- [TASK]:
Pictures in the data should be dropped; transcribe exactly the lines from the one that has "Iván Szilárd (1912-1988): Támaszkodó." through the one that has "同時に2色までしか使えないの".

(DATA LISTING)

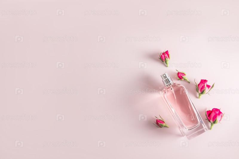 Шикарная хрустальная бутылка косметического спрея или женских духов на розовом фоне с маленькими бутонами розовых роз. место для текста. Вид сверху
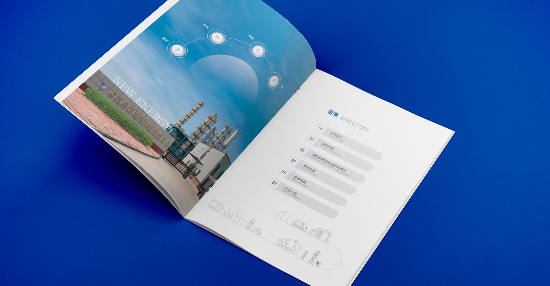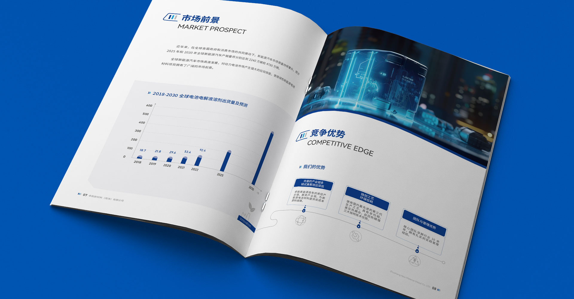 我們將宣傳冊(cè)分為公司簡介、公司環(huán)境、綠色新能源電池材料項(xiàng)目、市場(chǎng)前景、競(jìng)爭(zhēng)優(yōu)勢(shì)以及產(chǎn)品介紹等六個(gè)板塊。公司簡介及環(huán)境讓受眾對(duì)企業(yè)有一個(gè)基本的認(rèn)識(shí),重點(diǎn)介紹綠色新能源電池材料項(xiàng)目,并對(duì)市場(chǎng)前景、競(jìng)爭(zhēng)優(yōu)勢(shì)進(jìn)行分析,幫助受眾梳理企業(yè)強(qiáng)勢(shì)之處,以體現(xiàn)卓航新材料的專業(yè)性和領(lǐng)先性,展示產(chǎn)品時(shí)圖文結(jié)合,配合圖表,信息分明。
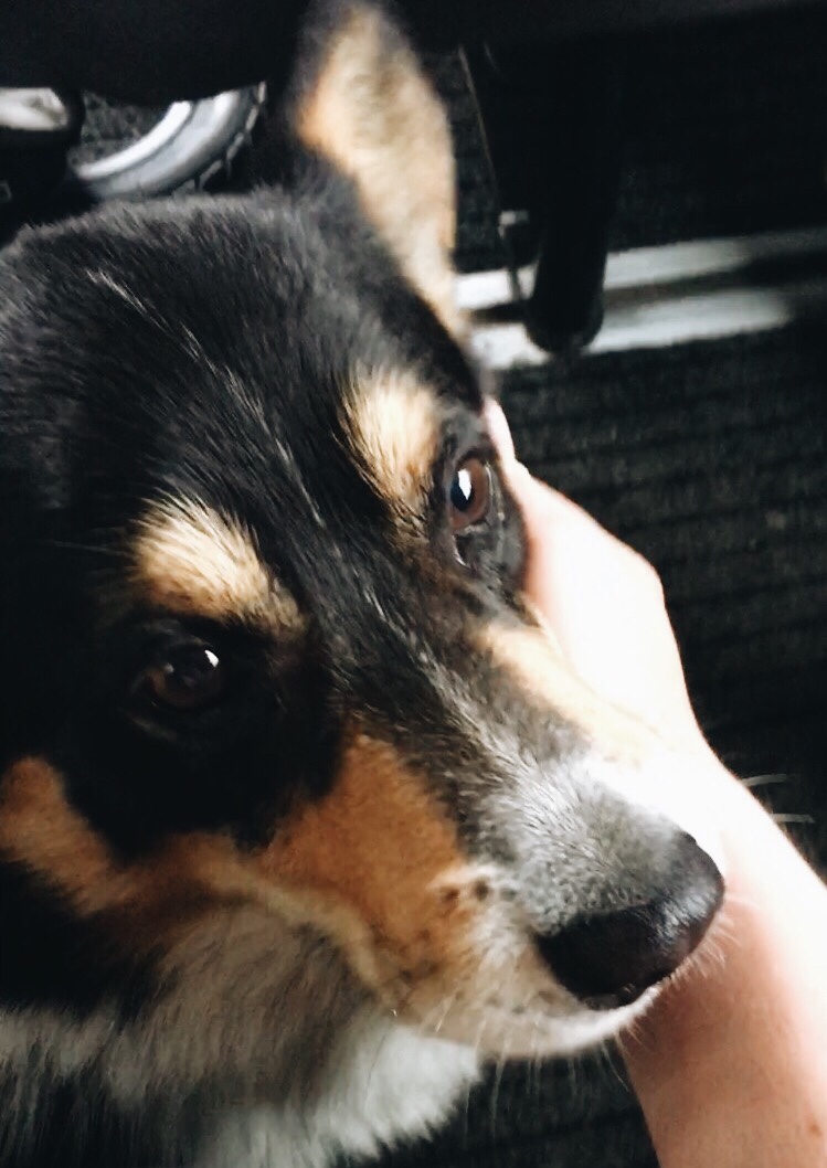 Noin vartin odottelun jälkeen meidät ohjattiin kyytiin, jossa takapenkkien välissä loikki ihana lohduttaja, corgi nimeltä Kino. Tällainen pitäisi olla jokaisessa DNF-autossa! (Ehkä onkin, en vain ole tiennyt siitä?)
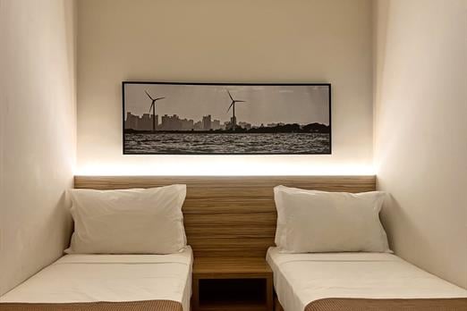 Com vista interna, possui capacidade para hospedar até 04 pessoas, pode ser configurado com 01 cama de casal e 02 de solteiro ou com 04 camas de solteiro.
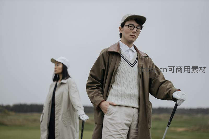 一对穿着时尚的情侣在开阔的高尔夫球场上,男士手持球杆目光坚定,女士在后方相伴,展现优雅的运动休闲时光。
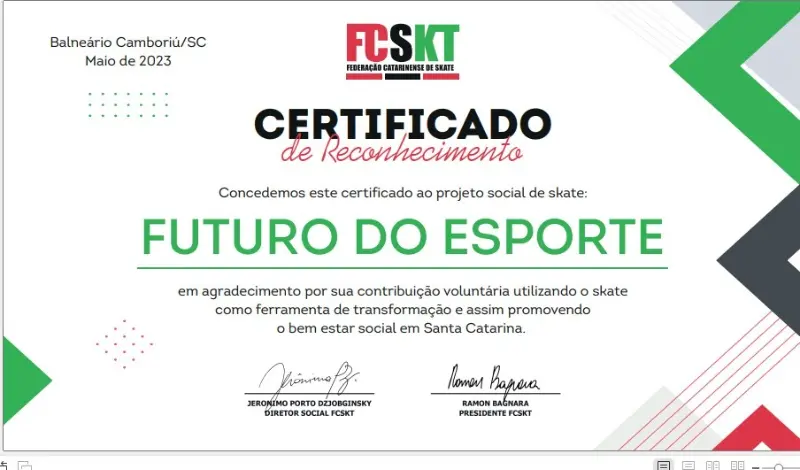 O Projeto sombriense Futuro do Esporte recebeu na última semana uma grata surpresa. A Federação Catarinense de Skate – FCSKT enviou uma carta e um certificado de reconhecimento ao projeto, por fazer do esporte uma ferramenta de transformação.
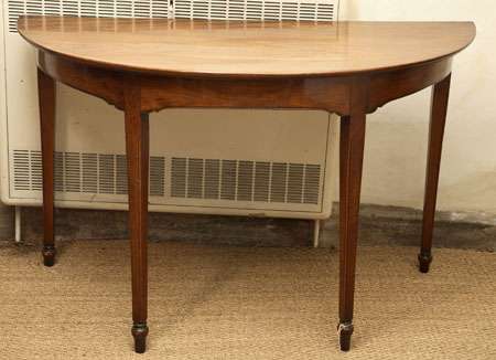 the D-shaped top above plain frieze, on square tapering legs with toupee feet
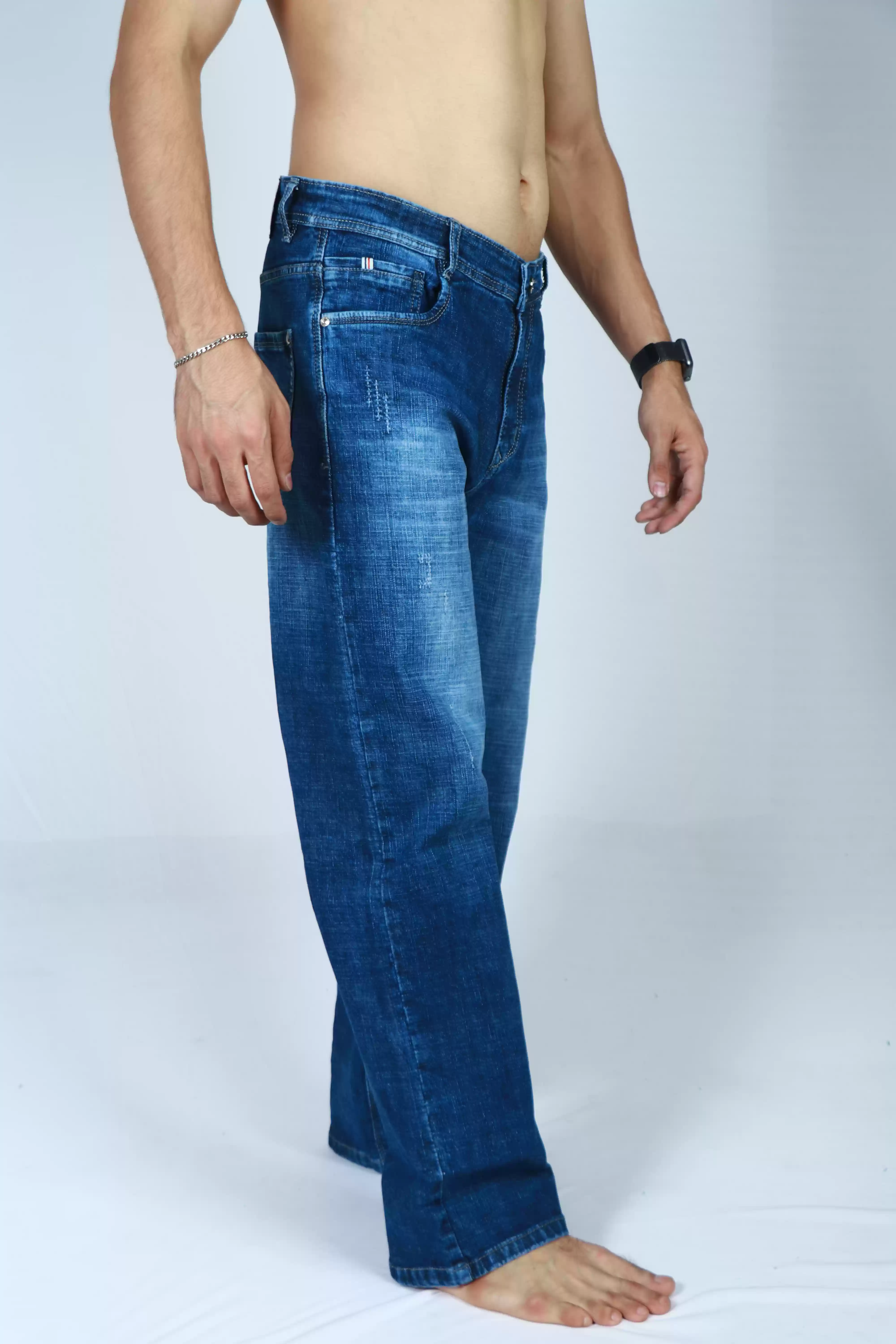 • Stylish medium blue denim wash
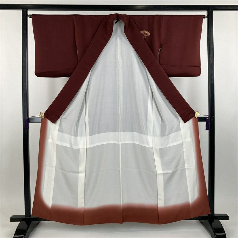 (中古) 訪問着 赤 臙脂色 セミフォーマル 染め 刺繍 光琳垣 袷【身丈】155cm【裄丈】65.5cm
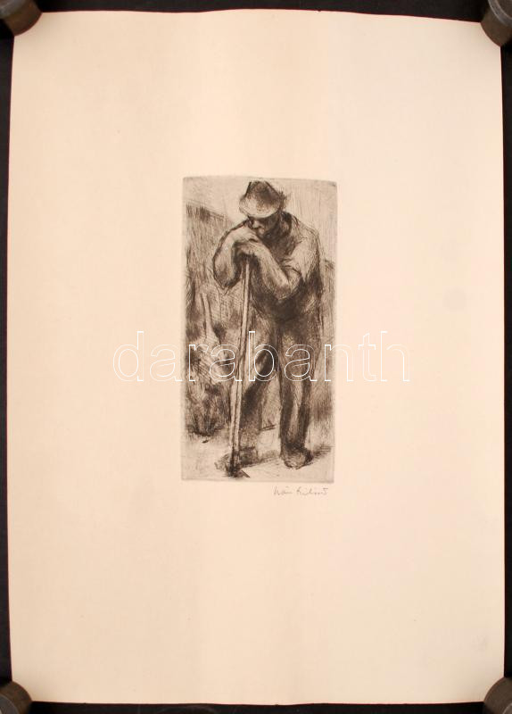 Iván Szilárd (1912-1988): Támaszkodó. Rézkarc, papír, jelzett, felteke...
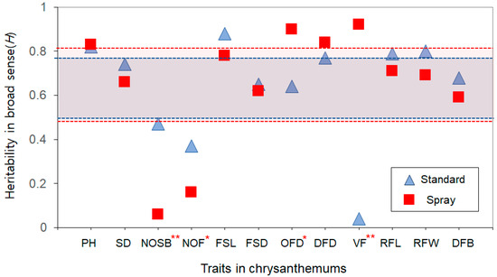 The estimation of broad-sense heritability among the horticultural traits of the standard and spray chrysanthemum lines of the study.
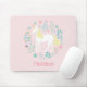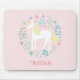 A pretty mouse pad featuring a cute unicorn and floral design on a blush pink background. Personalize it with a name.
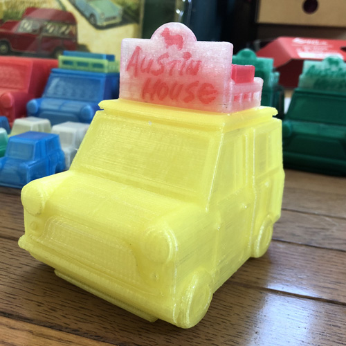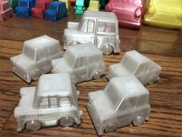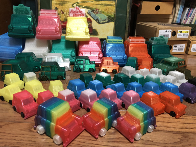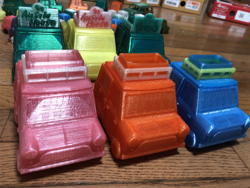同時に2色までしか使えないのでイエローとクリアの2色で作る予定だったのですが、屋根の部分ができたあたりでエラーばかりでて、黄色い屋根ばかり3個も・・・
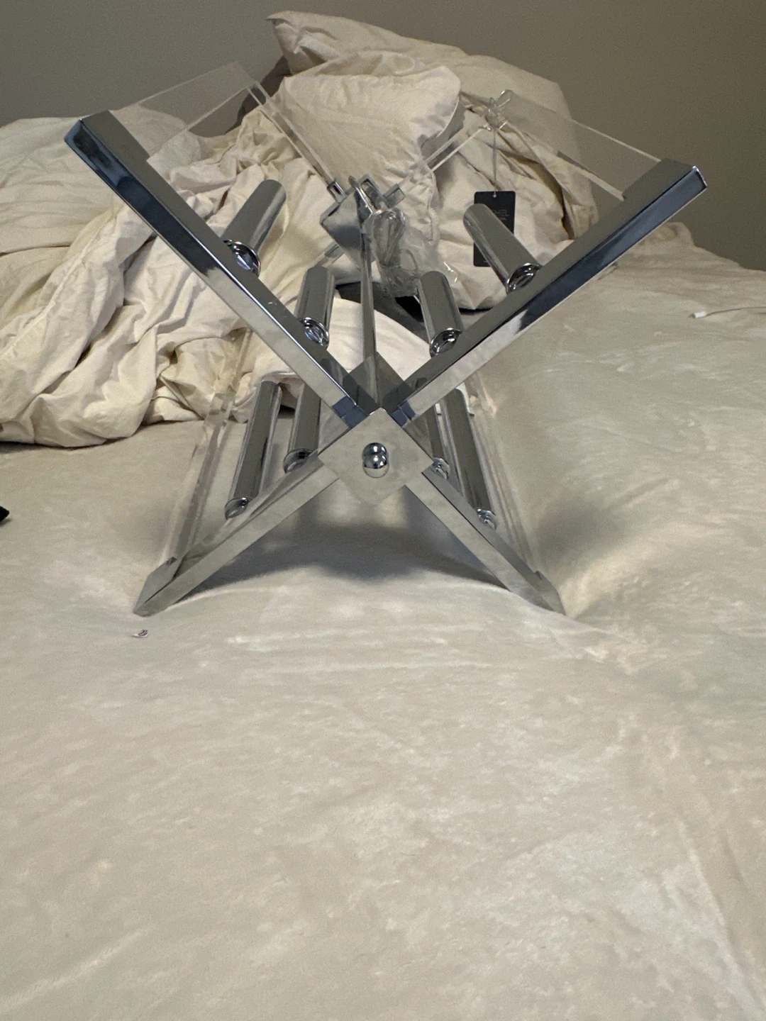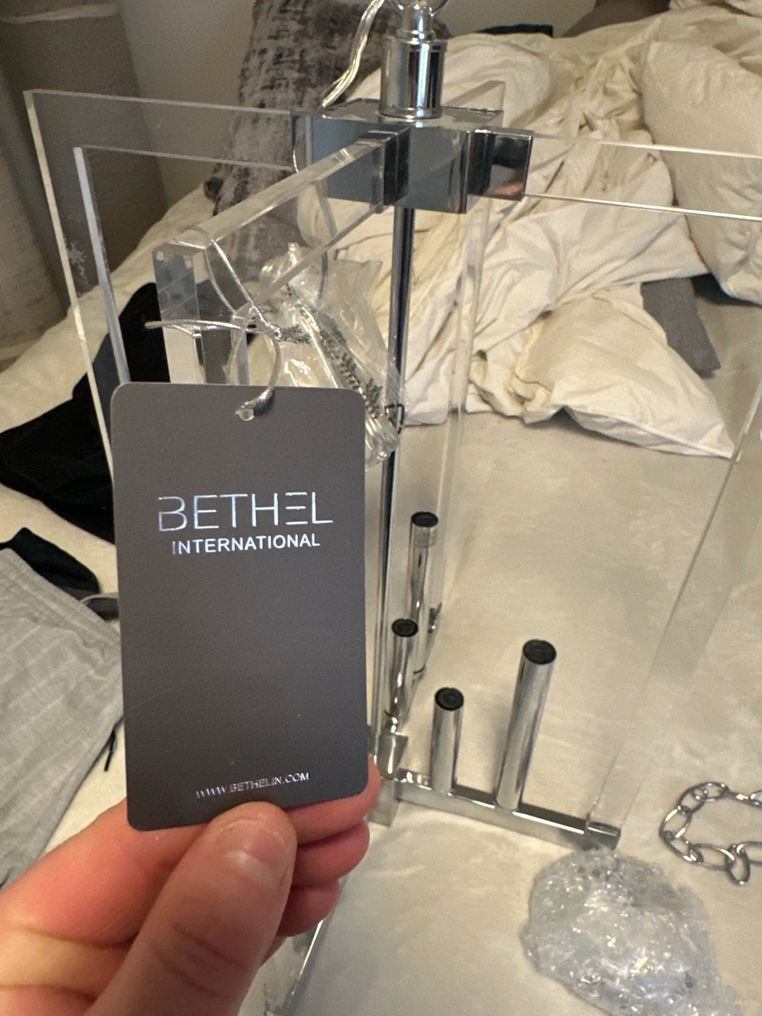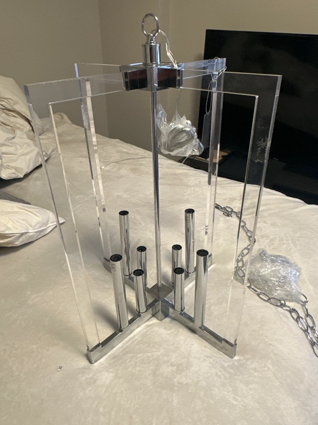 This Bethel International Chandelier features a clear acrylic design with chrome accents. It includes a metal chain for hanging and decorative base cover plate. Great for adding a modern touch to your home!
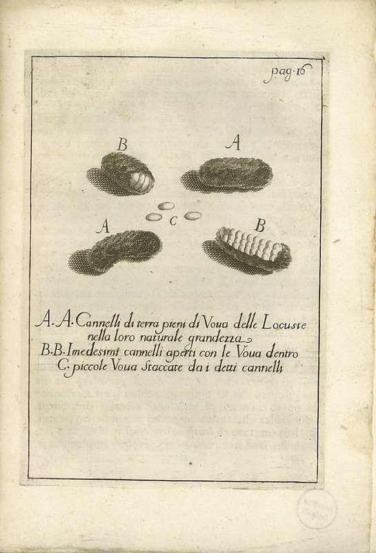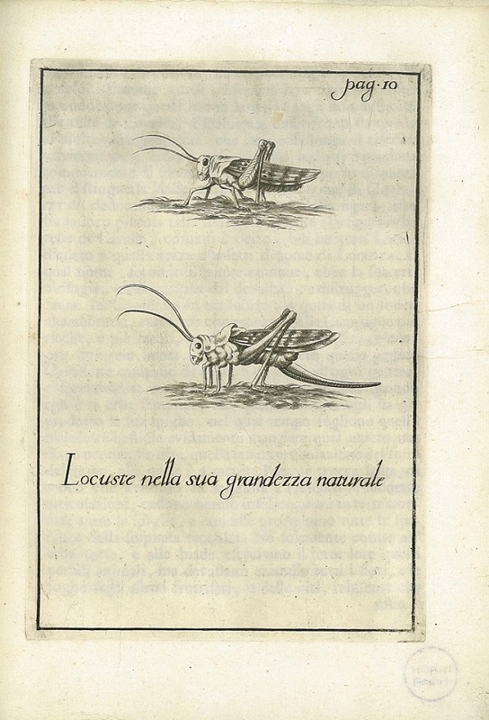 «[...] dalla parte del Mare comparir sopra quelle campagne uno stuolo immenso delle predette Locuste volanti per l'aria, così folto, ed opaco, che poteva oscurare il Sole, a guisa di una densa nube, il quale folto stuolo d'insetti fu da loro veduto incontinente posarsi, e spargersi sopra quella campagna, occupando, e cuoprendo un assai largo paese. [...]»
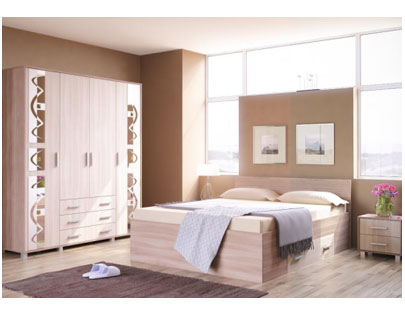 Сдвижные крышки на мини-секциях прикроватных тумб и туалетных столиков. Радиусные фасады шкафа. Цена за кровать шириной 1400 мм.
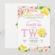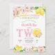 Celebrate your little ones special day with this charming lemon and floral birthday invitation. Featuring watercolor lemons and pink blossoms, this cheerful design is perfect for a summer party theme. The playful layout highlights your childs name and age while providing all the event details in a stylish format. Ideal for toddler birthdays, this invitation blends vibrant citrus accents with delicate florals to create a fresh, festive look guests will love.
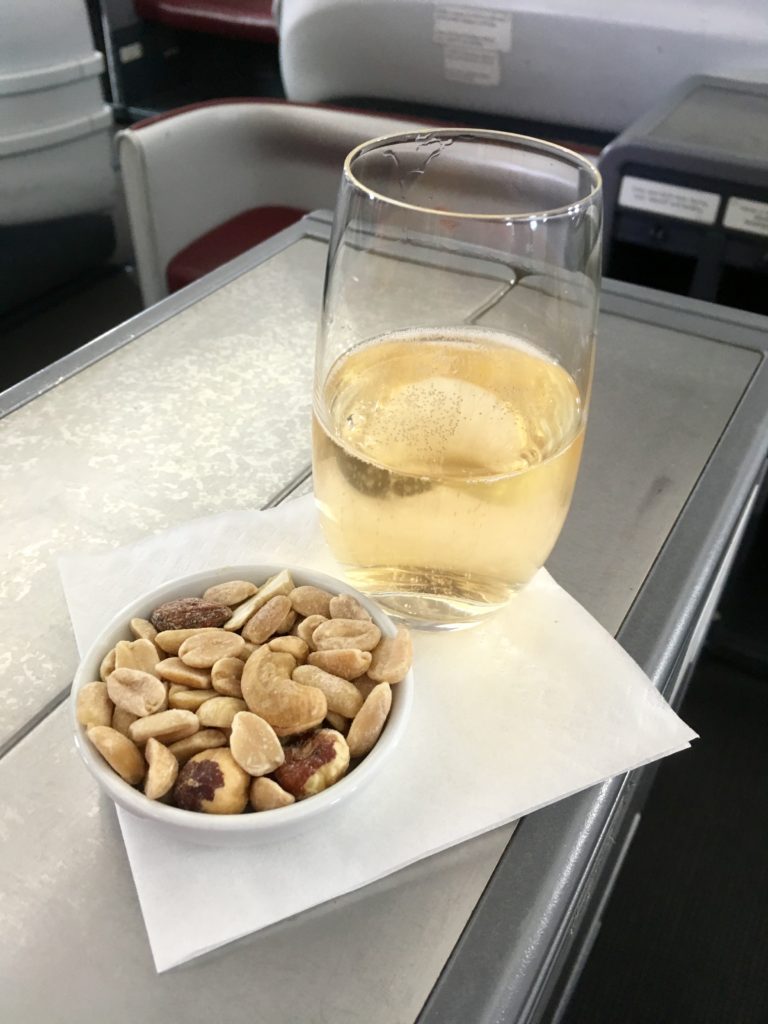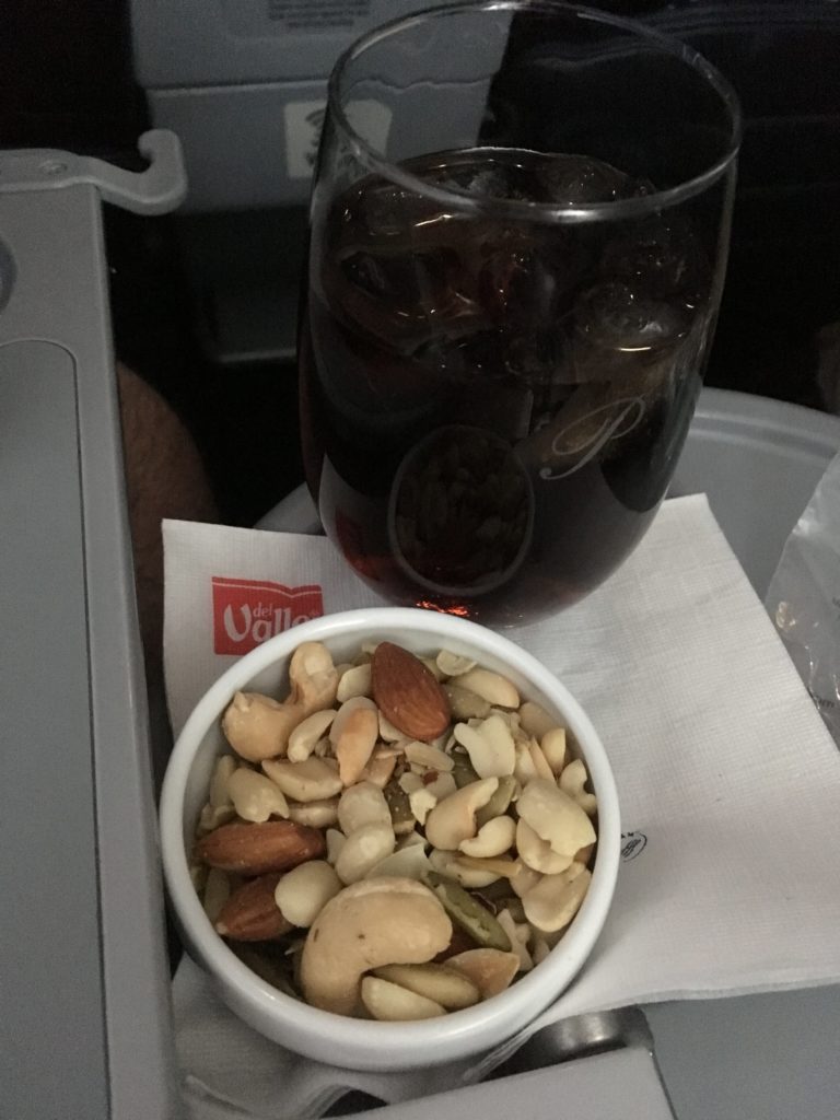 About an hour before landing, we were also offered a snack of mixed nuts. Unfortunately, it was mostly peanuts. 🙁

(End DATA LISTING)

- [RESULT BELOW]:
 Iván Szilárd (1912-1988): Támaszkodó. Rézkarc, papír, jelzett, felteke...
 The estimation of broad-sense heritability among the horticultural traits of the standard and spray chrysanthemum lines of the study.
 A pretty mouse pad featuring a cute unicorn and floral design on a blush pink background. Personalize it with a name.
同時に2色までしか使えないのでイエローとクリアの2色で作る予定だったのですが、屋根の部分ができたあたりでエラーばかりでて、黄色い屋根ばかり3個も・・・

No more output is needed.